After drastically changing its strategy in 2018, GlobalFoundries has become more cautious overall. But its 22FDX platform seems to be very successful. In October 2020, GlobalFoundries 22FDX reached the milestone of shipment and has shipped 350 million chips produced using its 22FDX node. GF also announced 22FDX+, which will be produced in Fab 1 in Dresden, Germany, in the first quarter of 2021. The platform is aimed at a wide range of applications in IoT, 5G, automotive and satellite communications.

GlobalFoundries has been operating for decades in Fab 1 in Dresden, Germany and Fab 8 in Malta County, New York, and is still one of the company’s main forces. Currently, Fab 1 can use 22FDX, 28SLP, 40/45/55NV and BCDLite technology to process wafers. GlobalFoundries plans to launch 400,000 to 500,000 wafers per year in 2020/2021, but it also plans to expand its production facilities. Seeing the high demand for these technology nodes, GlobalFoundries plans to double the capacity of its fabs to 900,000 to 1 million wafers in the next few years.

In the past, GlobalFoundries spent about 700 million U.S. dollars a year on expansion, but seeing that the demand for products in 2021 is so strong, they plan to double it to about 1.4 billion U.S. dollars to upgrade it to include Fab 1 and Fab 8. Manufacturing facilities.

Especially now that the global shortage of automotive chips is disrupting the production of car manufacturers from Toyota Motor Corporation to Volkswagen, this is becoming a growth opportunity for global chip manufacturers. Mike Hogan, head of Globalfoundries, also said that the company is operating its factories at an unprecedented speed and prioritizes automotive chips to meet demand.

In addition, Globalfoundries is expected to complete the IPO in the second half of 2022. They said they hope to reach certain financial milestones before going public, and due to the growing demand for chips, Globalfoundries is quite sure to reach this goal in 2022.

 SMIC is full of uncertainty

A few days ago, SMIC was included in the “blacklist” by the United States, but considering their status in domestic fabs, their future layout will also have an impact on the industry.

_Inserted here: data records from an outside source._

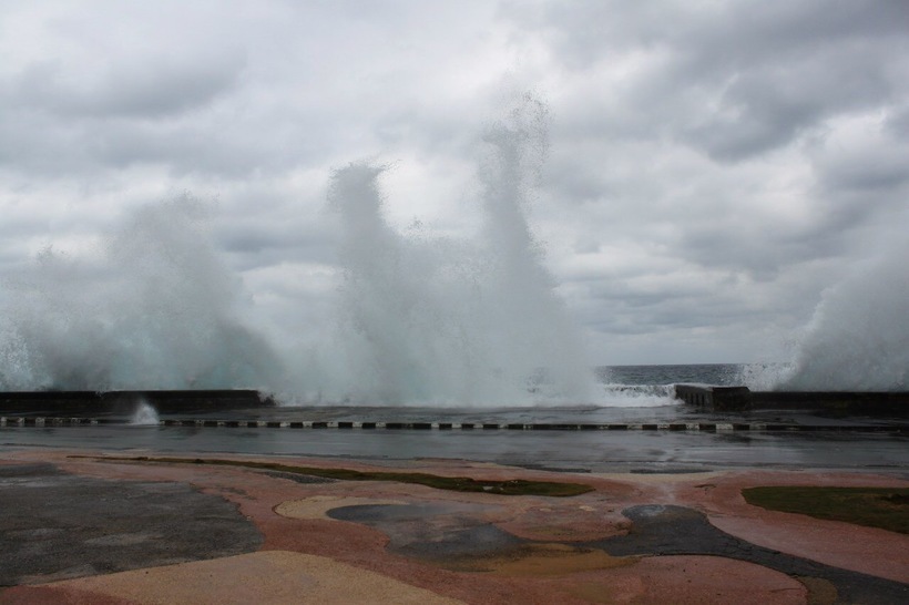 Ну, а море, точнее океан – это, кажется, главное, ради чего стоит приходить на Малекон. Набережная достаточно низкая, поэтому волны нередко перекидываются через бортик и заливают пешеходную и проезжую часть. В один из дней, когда мы пришли гулять по Малекону, волны были такими высокими, что мы не рискнули туда подходить.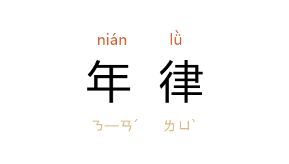 引唐 冯贽 《云仙杂记·乔敷嗜鱼》:“乔敷 嗜鱼而贪,日向渔人贷食。渔人送鱼一斤,以白堊标门记之,后日偿价。年律一终,白堊盈门。”宋 陈与义 《度岭》诗:“年律将穷天地温,两州风气此横分。”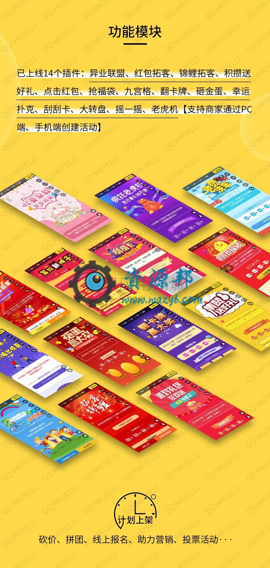 已上线 14 个插件:异业联盟、红包拓客、锦鲤拓客、积攒送好礼、点击红包、抢福袋、九宫格、翻卡牌、砸金蛋、幸运扑克、刮刮卡、大转盘、摇一摇、老虎机【支持商家通过PC端、手机端创建活动】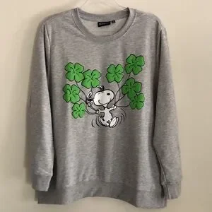 Comfortable Peanuts sweatshirt with SNOOPY holding SHAMROCKS. Perfect for St. Patrick’s Say!!!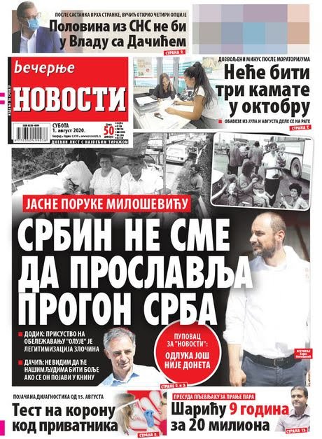 NASLOVNE STRANE DNEVNIH NOVINA: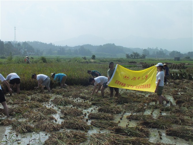 暑期“三下乡”社会实践团队一行人在乡政府工作人员的带领下早早来到了田间地头,开展为期半天的水稻收割工作,志愿帮助当地村民开展农事活动,体验生活和劳作。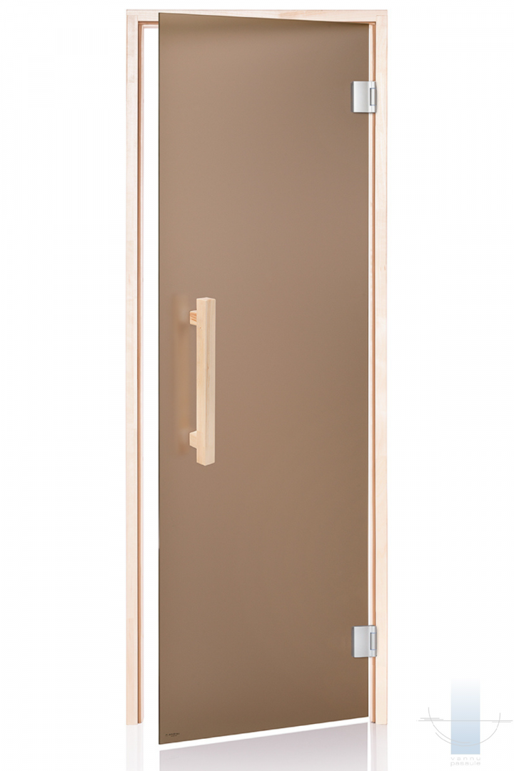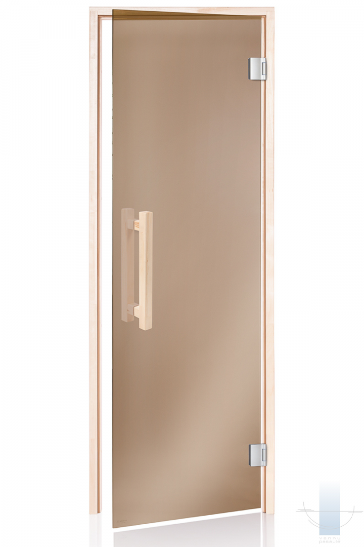Saunas durvis tiek izgatavotas no 8 mm rÅ«dÄ«ta stikla. Durvju komplektÄcija iespÄ“jama ar dažÄdu veidu tonÄ“tiem stikliem: pelÄ“ks, bronza. Saunas durvju kÄrba izgatavota no lÄ«mÄ“tas lapu koka koksnes. Saunas durvÄ«m izmanto speciÄli stikla vÄ“rtnÄ“m paredzÄ“tas firmas “Abloy” eņģes KS-6540, FL-48; firmas “Abloy” fiksators “Abloy-4238”. Saunas durvÄ«m ir kÄrbas blÄ«vÄ“jums – karstumizturÄ«gs silikons.
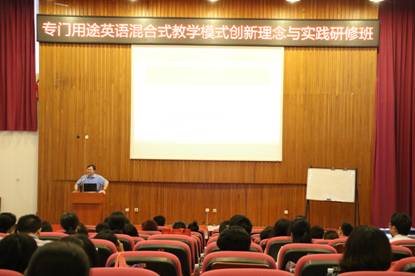 为进一步推进专门用途英语教学与研究,由广东省本科高校大学英语课程教学指导委员会主办,广东省高校外语教师发展示范中心和悟空体育承办的“专门用途英语混合式教学模式创新理念与实践研修班”于2018年7月12日至15日在公司大学城校区成功举办。本次研修班邀请到领域内著名的专家学者做专题讲座,包括公司副董事长刘建达教授、复旦大学蔡基刚教授、悟空体育经理董金伟教授和副经理陈金诗教授、华南理工大学韩金龙教授、广东医科大学杨劲松教授、广东财经大学陈冬纯教授、中原工公司郭万群教授。还邀请到公司悟空体育第二教学部、具有十几年专门用途英语教学经验的一线教师做工作坊和模拟课堂教学展示。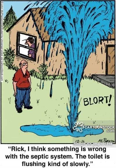 “Flushes slowly,” she says, while the backyard explodes in a blue geyser of plumbing horror. This is what happens when you ignore those little toilet noises.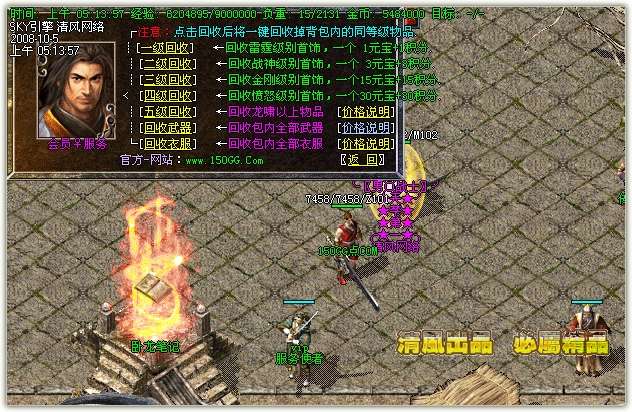 1.回收装备、雷霆以上的装备都可以回收,回收装备还可以获得大量元宝及积分、积分可以到富豪排行榜哪里兑换奖品,单件最高可以收回到2000元宝和2000积分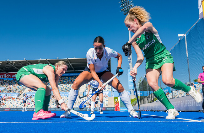 France, however, settled soon after, reinstating their deep defensive press. Ireland managed to find their way through it in the latter stages of quarter three, with Niamh Carey almost connecting with Katie Mullan on the back post, and Mullan doing well on the edge of the circle to drive in and win a penalty corner.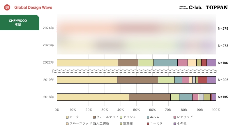 C-lab.の強みであるCMF(カラー、マテリアル、フィニッシュ)の傾向について、データを交えながら解説します。マテリアルミックスがスタンダード化する中、素材の重要性はますます増してきており、C-lab.独自の視点で深掘りしていきます。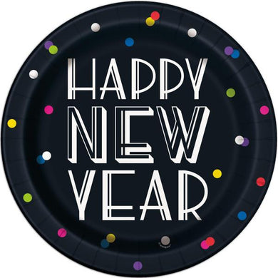 8 Pack Neon Dots Best New Year Paper Plate - 23cm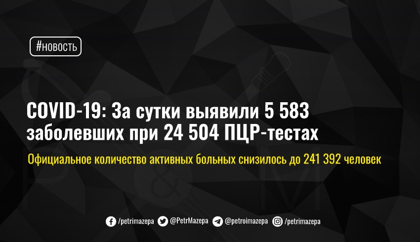 COVID-19: За сутки выявили 5 583 заболевших при 24 504 ПЦР-тестах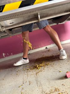 Bevor der Most ins Fass konnte, musste zunächst die Traubenpresse gereinigt werden. Aus 2.601 Kilogramm Trauben waren 1.800 Liter Most geworden – weit mehr, als wir uns je erträumt hatten, auch wenn wir zu Beginn des Projekts nicht wirklich wussten, was uns erwarten würde. Nun hieß es also putzen. Zuerst wurden die klebrigen Rückstände per Hand entfernt, dann mit Schlauch und Bürste die Kerne ausgespült. Es sollte nicht das letzte Mal an diesem Vormittag sein, dass ich nass wurde.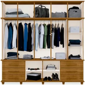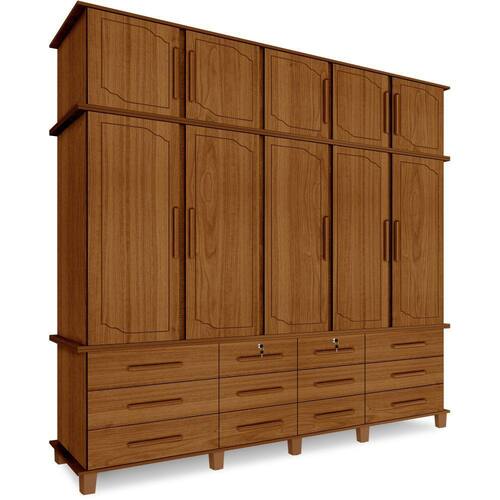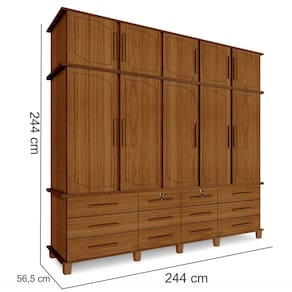 Estrutura: Produto produzido em MDF e MDP.Acabamento: Pintura U.V. (Ultra Violeta) resistente a risco nos painéis e PU (poliuretano) nas bordas soft das portas e gavetas.Pés: 10 pés de madeira reflorestada.Gavetas: 12 gavetas com corrediças metálica, sendo 02 gavetas com chave.Portas: 10 portas com puxadoresCabideiro: Em alumínioExtra: Maior profundidade da categoria, divisões internas na cor bege brilhante propiciando leveza ao ambiente.Altura: 244 cmLargura: 244 cmProfundidade: 56,5 cmPeso: 256,9 KgGarantia: 03 mesesInformações Adicionais: Não possuímos serviço de montagem. Todos os móveis possuem garantia e manual de montagem, Não nos responsabilizamos pelos custos de montagem. É de extrema importância ficar atento às dimensões dos produtos, pois é de sua total responsabilidade caso o produto tenha dimensões superiores ao local de acesso da entrega dificultando ou impossibilitando que a mesma seja concluída. Não nos responsabilizamos, no ato da entrega, por subir escadas, corredores e elevadores ou transporte por guincho em apartamentos. Não nos responsabilizamos por transtornos com a entrega caso o produto necessite de desmontagem, nem pelos custos gerados por esta situação. Imagens meramente ilustrativas a cor, pode variar de acordo com a iluminação do ambiente. Itens de decoração não inclusos.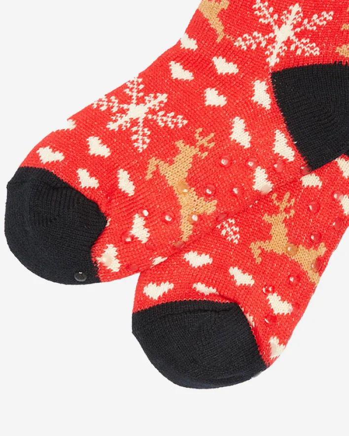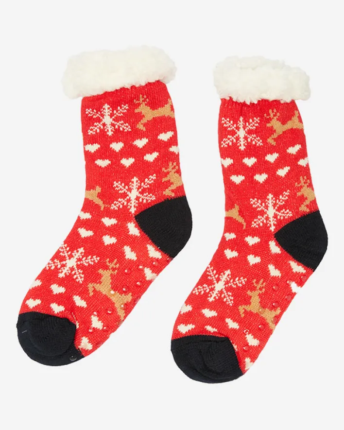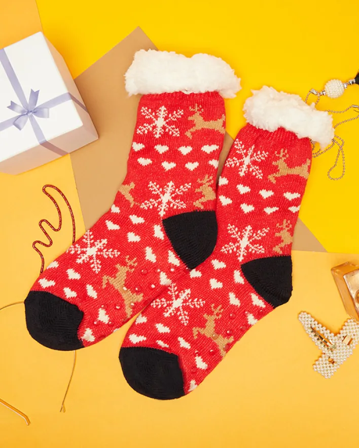 - Przepiękne damskie grube skarpety wykończone świątecznym wzorem z antypoślizgowym spodem. W środku ocieplane białym, cieplutkim kożuszkiem. Skarpetki świetnie się sprawdzą na chłodniejsze wieczory.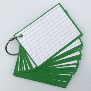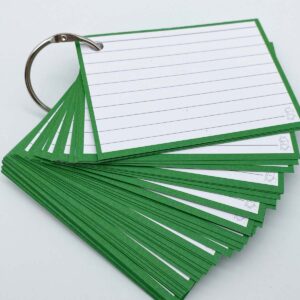 Groene flashcards A7 formaat, gelinieerd met een groene rand van Leitner®

Looking back at 2020, SMIC has also made a lot of investment, especially the listing on the Science and Technology Innovation Board, which raised huge funds and injected more capital support for the company’s development.

On July 16, 2020, the mainland semiconductor foundry giant SMIC will officially land on the Sci-tech Innovation Board, becoming the first domestic red-chip technology innovation company to achieve “A+H” at the same time, and it will also become A-share Leading technology stock company and one of the semiconductor companies with the highest market value.

According to the announcement issued by SMIC, the company’s net proceeds from the public offering of shares on the Sci-tech Innovation Board are 45.6 billion yuan, which will be used for the 12-inch chip SN1 project, mature technology production line construction projects, advanced and mature technology research and development projects, and reserve funds. Supplement working capital.

On December 4, 2020, SMIC issued an announcement stating that the company’s wholly-owned subsidiary SMIC, the National Integrated Circuit Fund II and Yizhuang International Investment Corporation have entered into a joint venture contract to jointly establish a joint venture SMIC Capital Integrated Circuit Manufacturing (Beijing) ) Co., Ltd., with a registered capital of 5 billion U.S. dollars and a total investment of 7.6 billion U.S. dollars (about 50 billion RMB). Its business scope includes the production of 12-inch integrated circuit wafers and integrated circuit packaging series.

On the journey of semiconductor fabs, some people take capital and technology to make great strides forward, some choose to camp and consolidate mature technologies when they are just enough, and some people withdraw from the stage of history to specialize in other technologies. But undoubtedly, the competition among fabs continues, capital is constantly pouring in, new technologies are constantly iterating, and old technologies are constantly being introduced.